The Guardian — 25 of the best places to stay in Greece and the Greek islands
Santorini’s luxury boutique hotels have a ringside seat to one of the most dramatic seascapes in the world. The island is arguably the most photogenic of all the Cyclades, the white washed Greek island group of the southern Aegean. Villages of boxy white houses and white painted caves cling to tops of 1,000 foot cliffs, the rim of a lava-stained caldera, like seven-minute icing on a Christmas fruitcake. The whole island is actually a huge, dormant but still active volcano, its cliffs the boundaries of a lagoon. And in the center, a blackened island, Nea Kameni, is the surface evidence of that “dormant” volcano, still belching sulphur into the sea. With plains that slope away to beaches to the west, behind the cliffs, one wonders why so may gorgeous settlements, filled with expensive, luxury hotels, restaurants and shops, choose to spread across the rim and slopes of the volcanic caldera. Perhaps it’s that volcano. Best keep an eye on it. More than 4,000 years ago its eruption destroyed the Minoan civilization — here and on Crete. And it erupted three times in the 20th century, most recently in 1950. Meanwhile, you can live it up in champagne style at these five glorious hotels.
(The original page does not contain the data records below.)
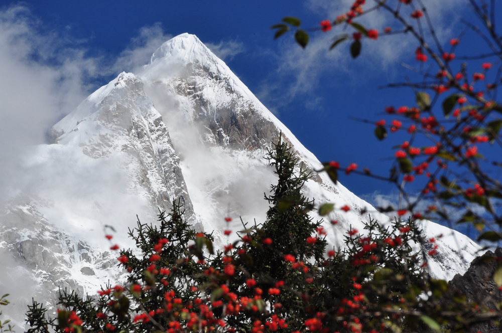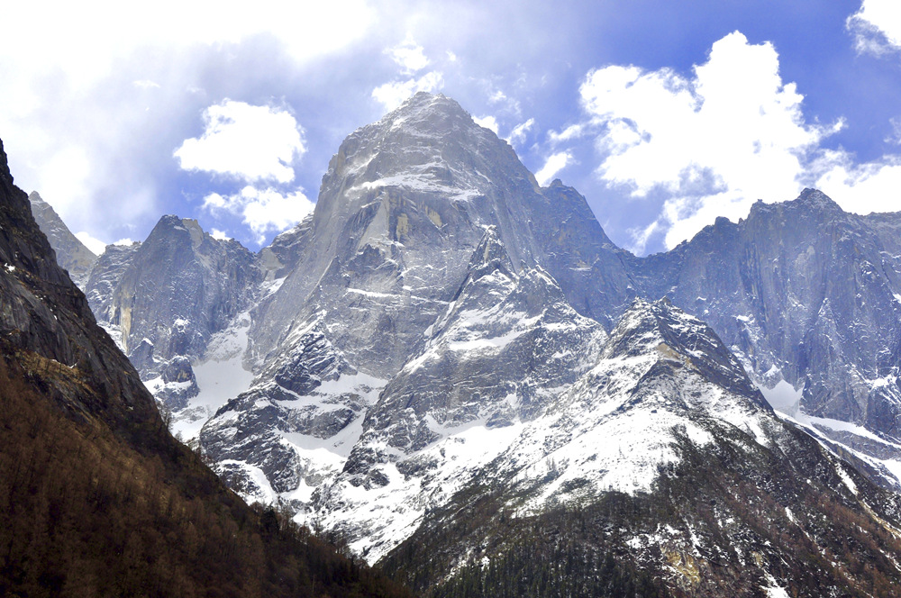 四座山峰長(zhǎng)年冰雪覆蓋,因幺妹身材最為苗條,經(jīng)常云遮霧繞,最難窺得全貌,素有“蜀山之后”、“東方的阿爾卑斯”之稱,與“蜀山之王”貢嘎山遙遙相望。李仁奇 攝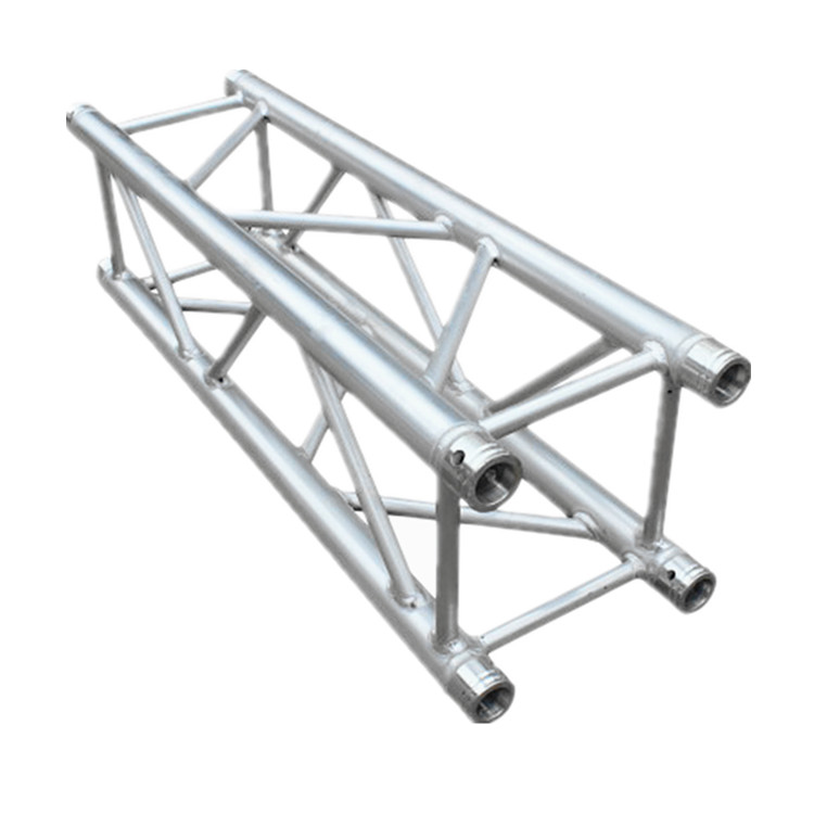 2. Hohe Tragfähigkeit: Trotz seiner Leichtbauweise hat beleuchtender Aluminiumbinder eine bemerkenswerte lastentragende Kapazität. Er wird ausgeführt, um dem Gewicht von schweren beleuchtenden Befestigungen und von Ausrüstung zu widerstehen und stellt die Sicherheit und die Stabilität der verschobenen Komponenten sicher.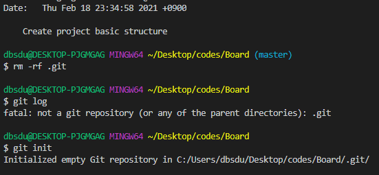 .git 폴더를 완전히 삭제하고 히스토리를 초기화하기 위해선 다음 명령어를 입력한다.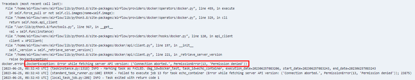 airflow를 통해 도커 컨테이너를 실행시키기 위해서는 airflow를 실행하는 사용자에게 도커를 실행시킬 수 있는 권한이 부여되어 있어야 한다. 만약 부여되어 있지 않다면 permission denied 에러가 발생한다.

Despite their superficial identikit looks, Santorini’s luxury hotels come in a surprising variety of shapes and sizes each with its own unique features. But based on our spring 2018 experiences as the guest of five special hotels, we can attest to these qualities they all share:
A very high staff to guest ratio resulting in attentive and patient service. Glamorous hot tubs or private pools Free, relatively reliable wi-fi and international cable television if you can’t tear yourself away from the news. Amazing views of the caldera and the sunset Romantic, indulgent privacy. Even when the island is crowded with day trippers from the twice weekly visits of cruise ships, guests at these boutique hotels can be in a world of their own.
There is no getting away from the fact that most of these hotels are pricey by anyone’s standards. But they provide memorable, once-in-a-lifetime experiences for honeymoons, anniversaries and special, romantic getaways.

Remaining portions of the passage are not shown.